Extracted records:
◆ ◆ ◆ ◆ ◆ ◆ ◆

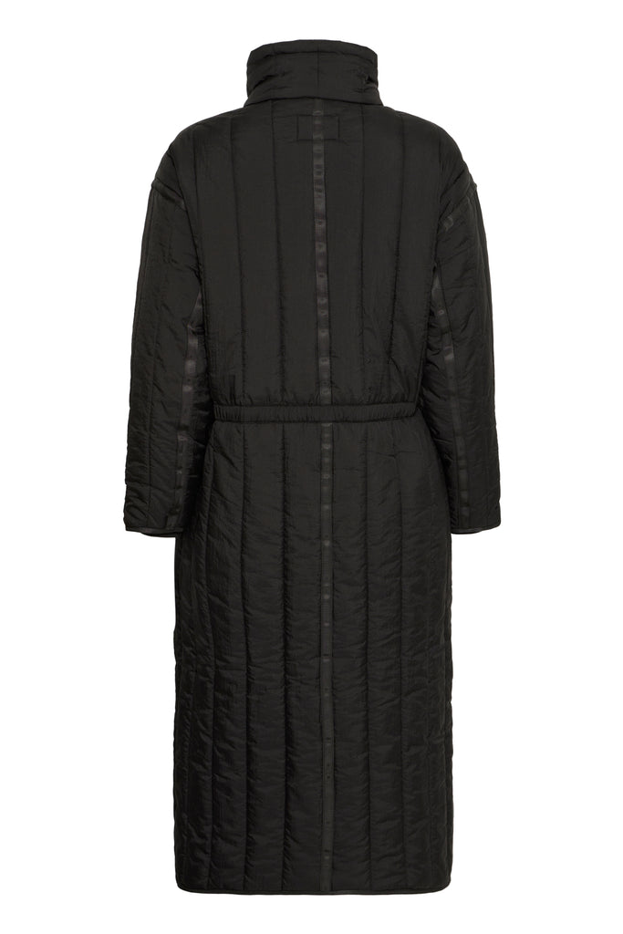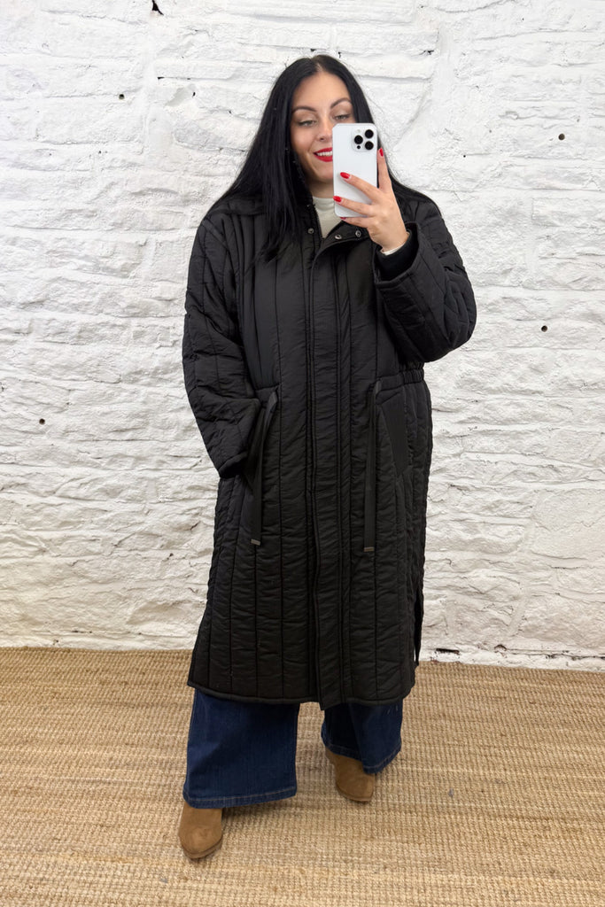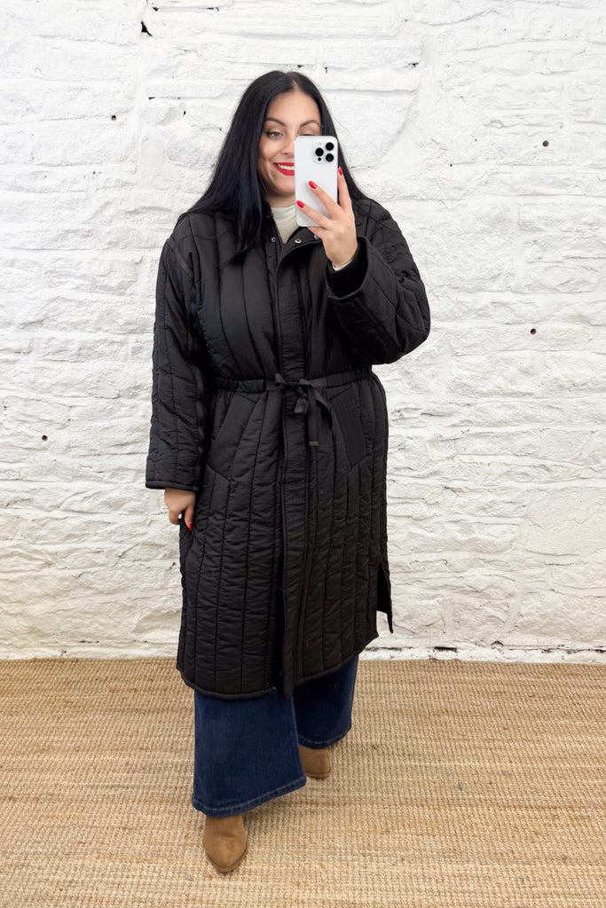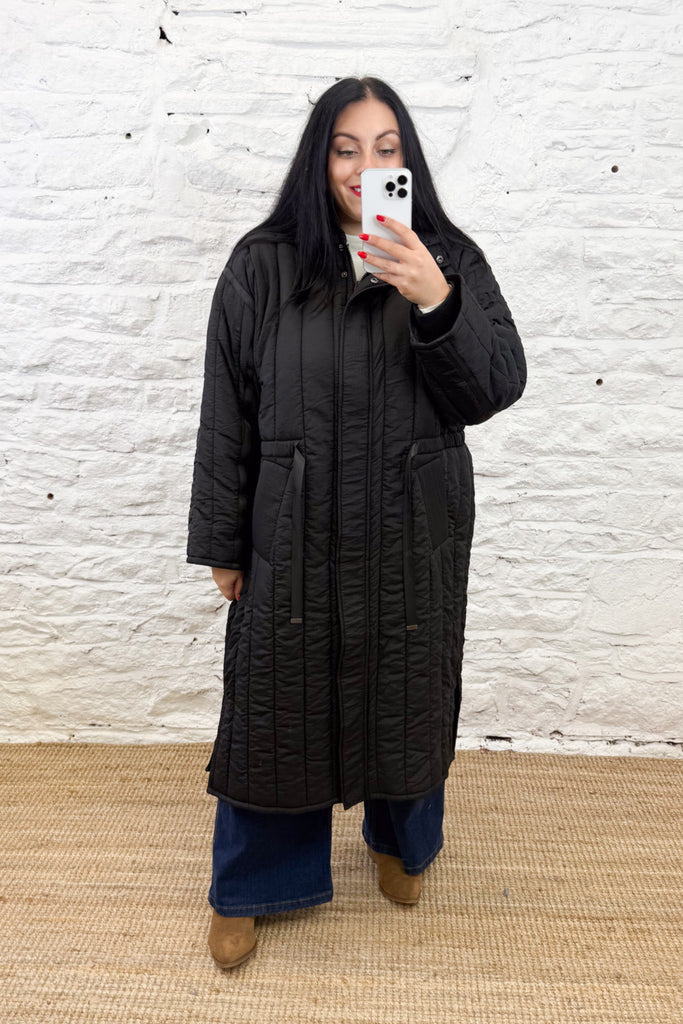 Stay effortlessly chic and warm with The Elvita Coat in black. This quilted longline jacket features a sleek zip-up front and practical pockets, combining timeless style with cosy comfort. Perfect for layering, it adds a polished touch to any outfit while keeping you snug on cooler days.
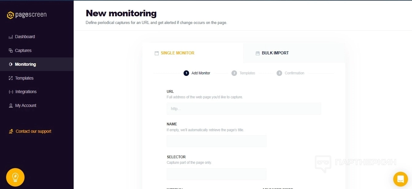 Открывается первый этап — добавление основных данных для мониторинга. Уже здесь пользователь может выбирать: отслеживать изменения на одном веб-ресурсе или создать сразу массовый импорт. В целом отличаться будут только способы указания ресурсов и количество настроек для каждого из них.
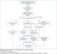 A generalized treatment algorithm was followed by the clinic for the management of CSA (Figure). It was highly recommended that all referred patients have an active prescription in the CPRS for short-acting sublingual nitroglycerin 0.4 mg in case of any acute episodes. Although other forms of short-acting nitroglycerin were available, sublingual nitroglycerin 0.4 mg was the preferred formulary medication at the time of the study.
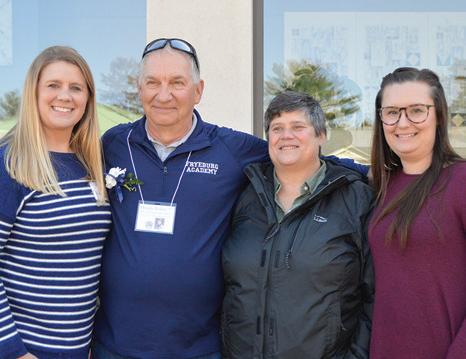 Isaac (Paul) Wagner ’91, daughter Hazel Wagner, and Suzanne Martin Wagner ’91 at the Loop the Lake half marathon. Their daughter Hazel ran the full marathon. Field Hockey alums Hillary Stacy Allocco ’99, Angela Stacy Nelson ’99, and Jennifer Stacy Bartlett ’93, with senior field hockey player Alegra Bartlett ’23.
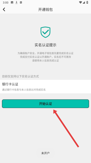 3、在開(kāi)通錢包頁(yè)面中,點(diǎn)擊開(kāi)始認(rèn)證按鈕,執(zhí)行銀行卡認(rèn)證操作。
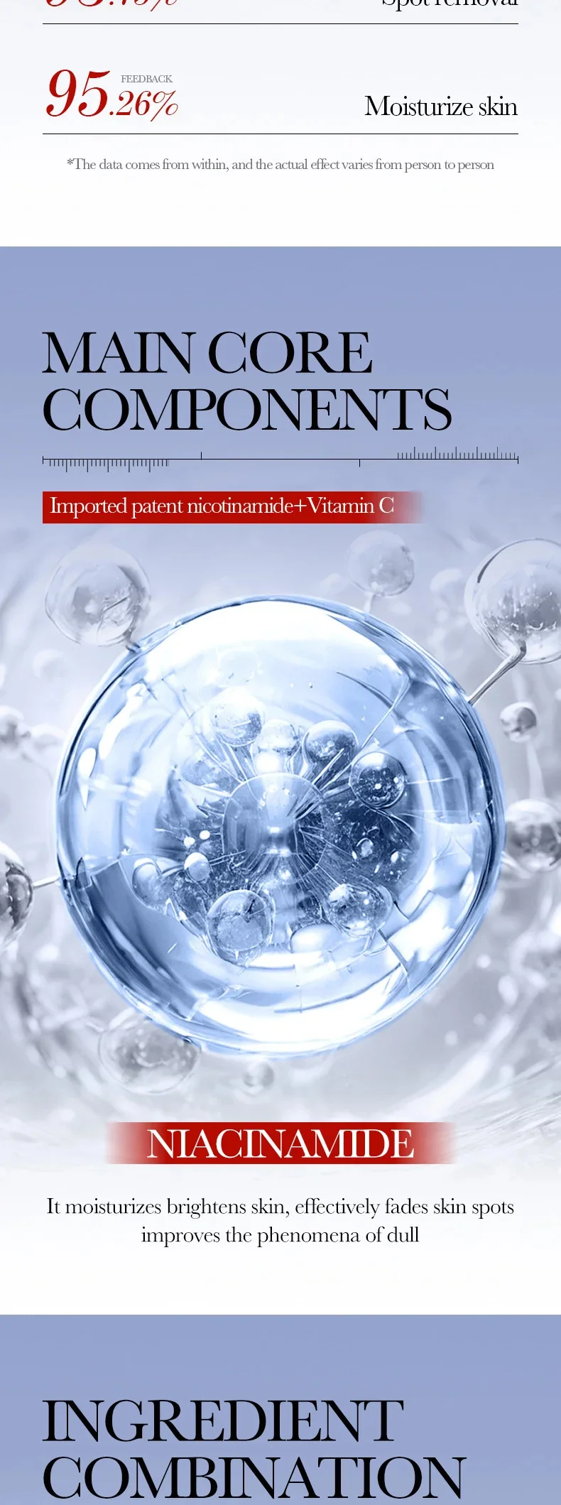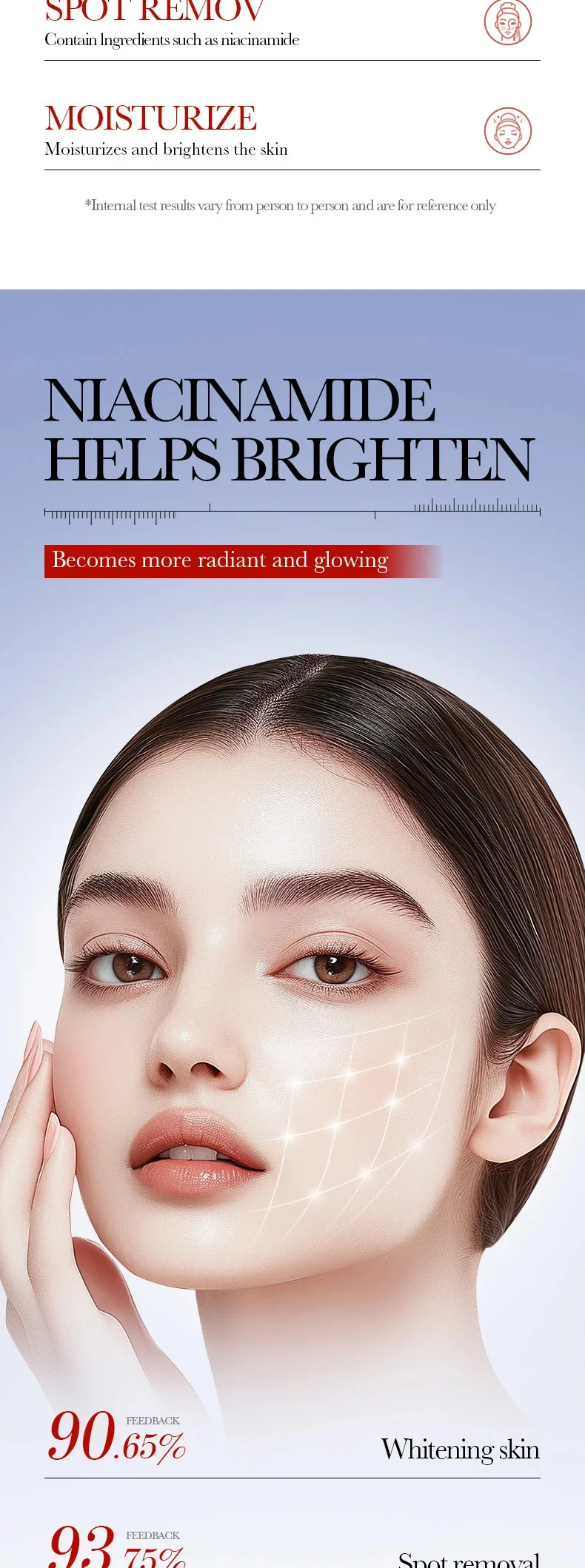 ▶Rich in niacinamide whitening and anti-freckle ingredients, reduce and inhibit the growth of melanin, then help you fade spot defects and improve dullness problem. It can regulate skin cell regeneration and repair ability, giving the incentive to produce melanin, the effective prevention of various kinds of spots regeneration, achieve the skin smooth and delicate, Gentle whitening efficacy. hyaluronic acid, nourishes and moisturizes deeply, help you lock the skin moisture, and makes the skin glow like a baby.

◆ ◆ ◆ ◆ ◆ ◆ ◆

WORK INSTRUCTIONS: Could you transcribe every entry exactly, leaving out the pictures?

SOLUTION FOR THIS PROBLEM:
 Stay effortlessly chic and warm with The Elvita Coat in black. This quilted longline jacket features a sleek zip-up front and practical pockets, combining timeless style with cosy comfort. Perfect for layering, it adds a polished touch to any outfit while keeping you snug on cooler days.
 Открывается первый этап — добавление основных данных для мониторинга. Уже здесь пользователь может выбирать: отслеживать изменения на одном веб-ресурсе или создать сразу массовый импорт. В целом отличаться будут только способы указания ресурсов и количество настроек для каждого из них.
 A generalized treatment algorithm was followed by the clinic for the management of CSA (Figure). It was highly recommended that all referred patients have an active prescription in the CPRS for short-acting sublingual nitroglycerin 0.4 mg in case of any acute episodes. Although other forms of short-acting nitroglycerin were available, sublingual nitroglycerin 0.4 mg was the preferred formulary medication at the time of the study.
 Isaac (Paul) Wagner ’91, daughter Hazel Wagner, and Suzanne Martin Wagner ’91 at the Loop the Lake half marathon. Their daughter Hazel ran the full marathon. Field Hockey alums Hillary Stacy Allocco ’99, Angela Stacy Nelson ’99, and Jennifer Stacy Bartlett ’93, with senior field hockey player Alegra Bartlett ’23.
 3、在開(kāi)通錢包頁(yè)面中,點(diǎn)擊開(kāi)始認(rèn)證按鈕,執(zhí)行銀行卡認(rèn)證操作。
 ▶Rich in niacinamide whitening and anti-freckle ingredients, reduce and inhibit the growth of melanin, then help you fade spot defects and improve dullness problem. It can regulate skin cell regeneration and repair ability, giving the incentive to produce melanin, the effective prevention of various kinds of spots regeneration, achieve the skin smooth and delicate, Gentle whitening efficacy. hyaluronic acid, nourishes and moisturizes deeply, help you lock the skin moisture, and makes the skin glow like a baby.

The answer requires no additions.